२३ ऑगस्ट, २०२२

"The author is in her 'Making up articles out of nothing at all and getting them published in the Washington Post' era."

The perfect comment on a WaPo article by Jessica M. Goldstein, "Down and out and extremely online? No problem: Just enter a new ‘era.’ Rebound from a breakup with a ‘Reputation era.’ Rebrand your failure as a ‘flop era.’ No calamity is too great or small to be romanticized as an ‘era’ on social media."

१२ टिप्पण्या:

RideSpaceMountain म्हणाले...

"The author is in her 'Making up articles out of nothing at all and getting them published in the Washington Post' era."

Isn't that what most women 'journalists' do these days anyway? Come on. These papers are literally 'dear diaries' for most of these hateful 30 somethings and have been for 20 years.

madAsHell म्हणाले...

When did the WaPoo become an advice column for the Cosmopolitan, Vogue crowd?

Enigma म्हणाले...

This may be a psychologically healthy way of dealing with the Internet, aka The Beast That Never Forgets. Before social media people said and did all sorts of stupid things. These words were forgotten, or they learned lessons and matured. In the Beast era dirty deeds and foolishness lasts forever.

Two alternate strategies: (1) be anonymous and keep active boxes separate, or (2) when you've gone public before you understood the implications, reinvent yourself. Put everything in a time-specific boxed off 'eras' to remain sane.

Either strategy is better than dwelling on all slights and wrongs in this world, and struggling to correct the world with no hope. Greta? Greta? Greta?

Sebastian म्हणाले...

"The author is in her 'Making up articles out of nothing at all and getting them published in the Washington Post' era."

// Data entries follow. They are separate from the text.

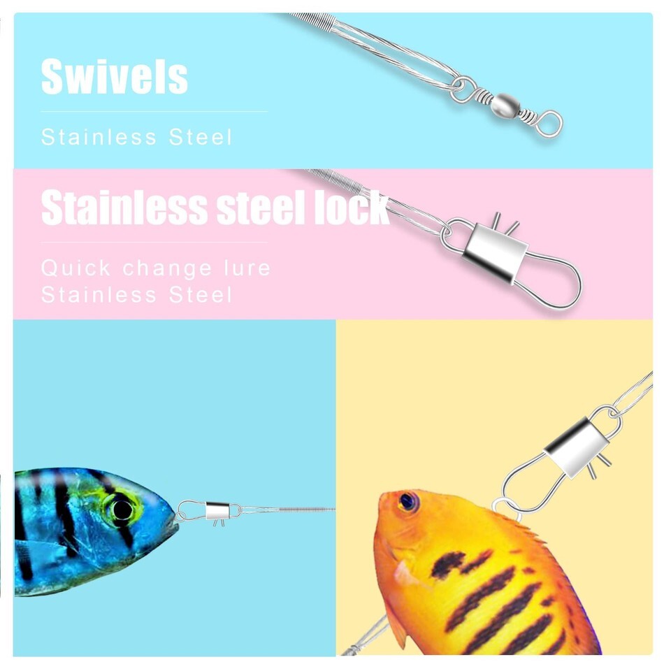 - KINBOM Fishing Leaders 60pcs Steel Wire Line w/ Swivel Buckles Silver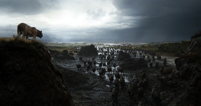 Während der Inhalt also auf den ersten Blick unangetastet bleibt, werkeln Favreau und sein Team kräftig an der Verpackung. Denn sie intensivieren die dramatischen Momente, wollen aber gleichzeitig die Leichtigkeit von „Das Dschungelbuch“ bewahren. Wie das gelingen soll, illustriert ein uns präsentierte Ausschnitt, in dem Panther Baghira (Stimme: Ben Kingsley) versucht, Mogli zu den Menschen zurückzubringen, da Shir Khan inzwischen eine zu große Gefahr für das Kind darstellt. Kurz bevor sich die beiden Freunde voneinander verabschieden, versucht der Tiger allerdings, Mogli zu töten, was in einer kurzen wie wuchtig inszenierten Auseinandersetzung zwischen Baghira und Shir Khan mündet. In diesem Augenblick, in dem sie donnernde Prankenhiebe austauschen und ihr Gebrüll die Musik übertönt, ist „The Jungle Book“ im besten Sinne modernes Blockbusterkino.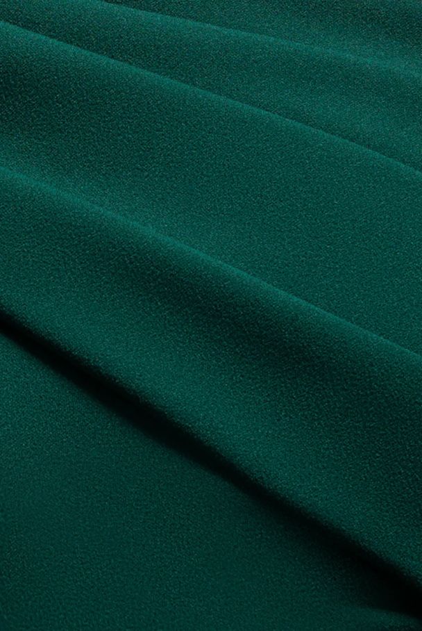 - Класическа и изтънчена дълга рокля в изумрудено зелен цвят с асиметрично голо рамо и мека падаща драперия, която създава ефектен силует.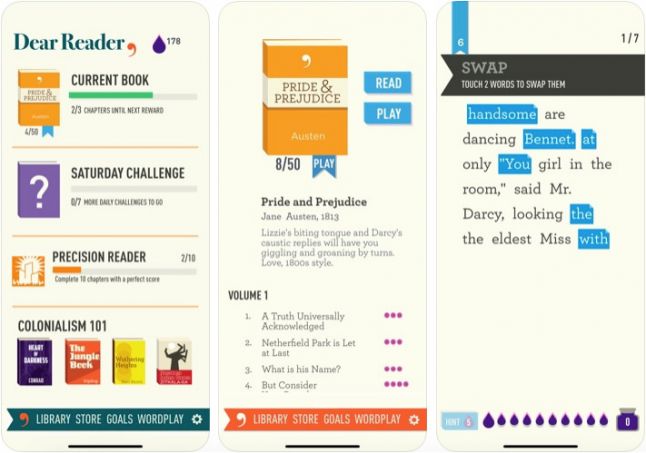 Dear Reader takes troves upon troves of literature and combines that wealth of source material with its own varied word-based puzzles to create a game that’s as difficult to put down as a good book. One puzzle might task you with arranging lines from a chapter Pride and Prejudice into the proper order, another might see you removing errant words from an Emily Dickinson poem. It can be an interesting way to piece apart otherwise familiar works while playing on the more leisurely difficulty, or a challenging way to flex your literary know-how on higher, timed difficulties. But all in all the nature of the puzzles themselves offer a fun way to explore each book, whether it’s your first time seeing that particular story or you’re working your way through an old favorite.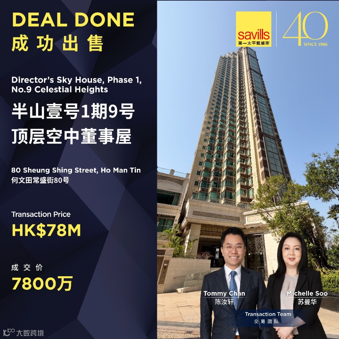 国际房地产顾问第一太平戴维斯成功促成何文田半山壹号1期9号顶层空中董事屋连三个有盖车位的成交,作价7,800万港元。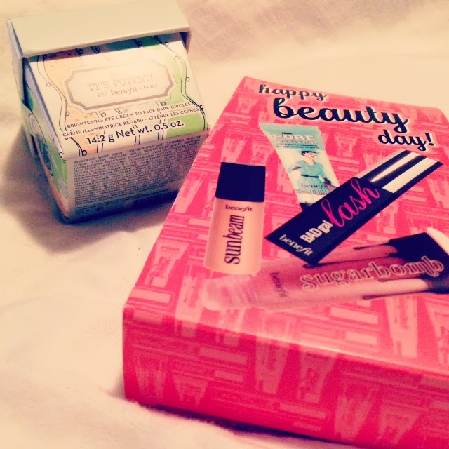 Benefit Cosmetics has always had a special place in my heart. From when they first won me over with their bad gal lash mascara, to later on when I discovered watt's up! highlighter - I have always been a huge fan. When I entered Ulta last night, they really pulled at the heart strings by offering FOUR AMAZING PRODUCTS FOR FREE! All I had to do was spend $35. Done. I've been meaning to buy an eye cream and let's face it: it's not the most exciting thing to purchase, but you need it in your life. Who can make a not-so-fun purchase fun? Benefit. By offering my favorite mascara, a primer I've been DYING to try, a luxurious golden bronze highlighter for the upcoming summer months and the perfect pink-nude lip gloss to match.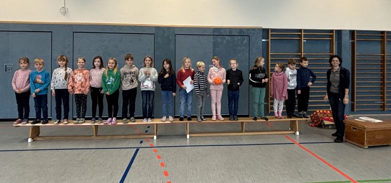 Am Ende der Aktion besuchte uns Frau Meisner vom Kreissportbund, um den Kindern Urkunden und Klassenspielzeug zu überreichen. Da war die Freude groß!

Isn't this the MO of modern art? If a soup can, a urinal, and paint splatters are art, why not make up an article out of nothing? Waiting for the wordless article, a la Cage. Which would be an improvement for the MSM. In the true spirit of this blog, I invite you to think deeply about that.

gilbar म्हणाले...

i'm in the "fed up with establishment media Bullshit era"

gilbar म्हणाले...

madAsHell said...
When did the WaPoo become an advice column for the Cosmopolitan, Vogue crowd?

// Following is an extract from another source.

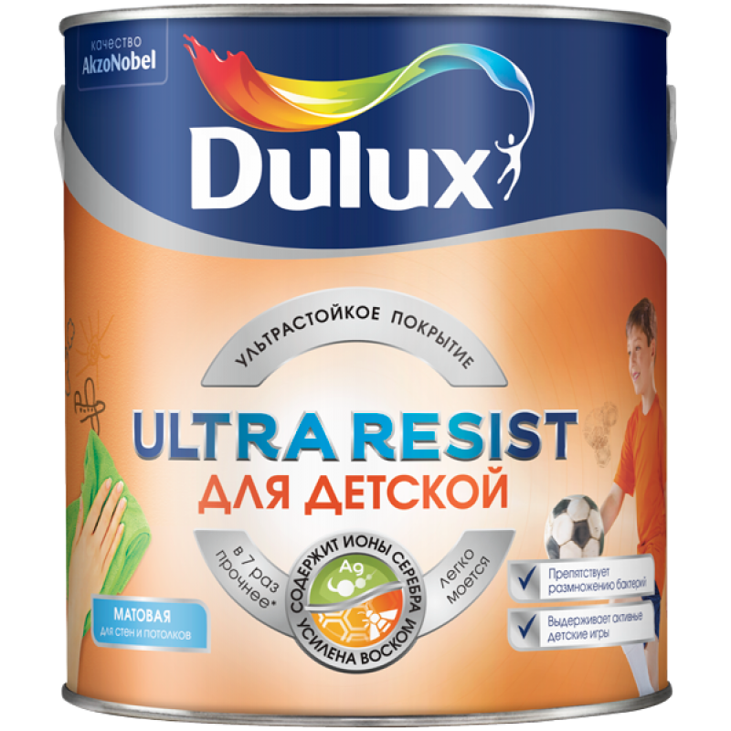 Dulux Ultra Resist Для детской МАТОВАЯРасход < 12 m²/L Время высыхания 4-6 часов Количество слоев: 2 слояДля внутренних работ. Подходит для нанесения на полностью просохшие минеральные поверхности (бетон, штукатурка, кирпич и т. п.), гипсокартон, обои под покраску, ДВП, ДСП. Рекомендуется для окрашивания помещений с умеренной влажностью, таких как детские, спальни, игровые комнаты, помещения в детских учреждениях, а также гостиные, кабинеты, библиотеки и т. п. Сертифицирована для применения в детских и лечебно-профилактических учреждениях.Особые характеристикиУЛУЧШЕННЫЕ ГРЯЗЕ- И ВОДООТТАЛКИВАЮЩИЕ СВОЙСТВАУСТОЙЧИВА К МЫТЬЮВЫДЕРЖИВАЕТ АКТИВНЫЕ ДЕТСКИЕ ИГРЫСОДЕРЖИТ ИОНЫ СЕРЕБРА, ПРЕПЯТСТВУЮЩИЕ РАЗМНОЖЕНИЮ БАКТЕРИЙСОДЕРЖИТ ВОСКНЕ СОДЕРЖИТ ЛЕТУЧИХ ОРГАНИЧЕСКИХ ВЕЩЕСТВСведения об использованииПодготовка поверхности: Поверхность должна быть сухой и чистой. Перед окраской минеральной поверхности, ДСП, ДВП и гипсокартона очистите их от пыли, грязи, отслаивающихся частей старого покрытия. Дефекты зашпатлюйте. Ранее окрашенные и зашпатлеванные поверхности ошлифуйте. Чтобы уменьшить расход краски, загрунтуйте подготовленную поверхность грунтовкой Dulux BINDO BASE. Окрашивая обои, убедитесь, что на поверхности не осталось клея. Чтобы обои не отстали, наносите краску не ранее 24 ч после оклейки.Покраска: Перед применением тщательно перемешайте. Наносите в два слоя при температуре воздуха и поверхности от +5 °С до +30 °С. Произвести подготовку поверхности с помощью универсальной грунтовки глубокого проникновения Dulux Bindo Base.Используйте кисть с синтетическим ворсом, валик для водно-дисперсионных интерьерных красок или распылитель. Второй слой наносите через 4 часа после первого. При окраске деревянных поверхностей рекомендуется нанести специальное грунтовочное покрытие. Количество на поддоне:7,27, 6,53, 5,86л - 100 шт; 2,5, 2,4, 2,25л - 165шт

about 2003, thanx for asking

Lilly, a dog म्हणाले...

Aren't we all in the "Democracy Dies in Darkness" era?

Ted म्हणाले...

It's easy to make fun of someone for writing a minor trend piece. But I guarantee you that the WaPo (one-quarter of whose current readership is under age 35) is overjoyed to be publishing an article about What The Kids on Social Media Are Doing Today.

gadfly म्हणाले...

But the video didn't show her drawing a line in the sand. No line, not serious.

So we go back to the Alamo tale where Mexican General Santa Anna sent a messenger to the Alamo for the defenders to surrender or die. Colonel William Travis drew a line on the ground to ask his defenders to commit to giving no quarter in defense of the Alamo, and the Texan fighters stepped behind the line. Travis ordered the firing of cannons to decline surrender and Santa Anna ordered playing the "Degüello" bugle call, which represents the slitting of the throat.

Jaq म्हणाले...

"This too shall pass" is not a bad message.

n.n म्हणाले...

Handmade tales.

B. म्हणाले...

“Making up articles out of nothing at all”
From the paper that employed Janet Cooke. nothing new here.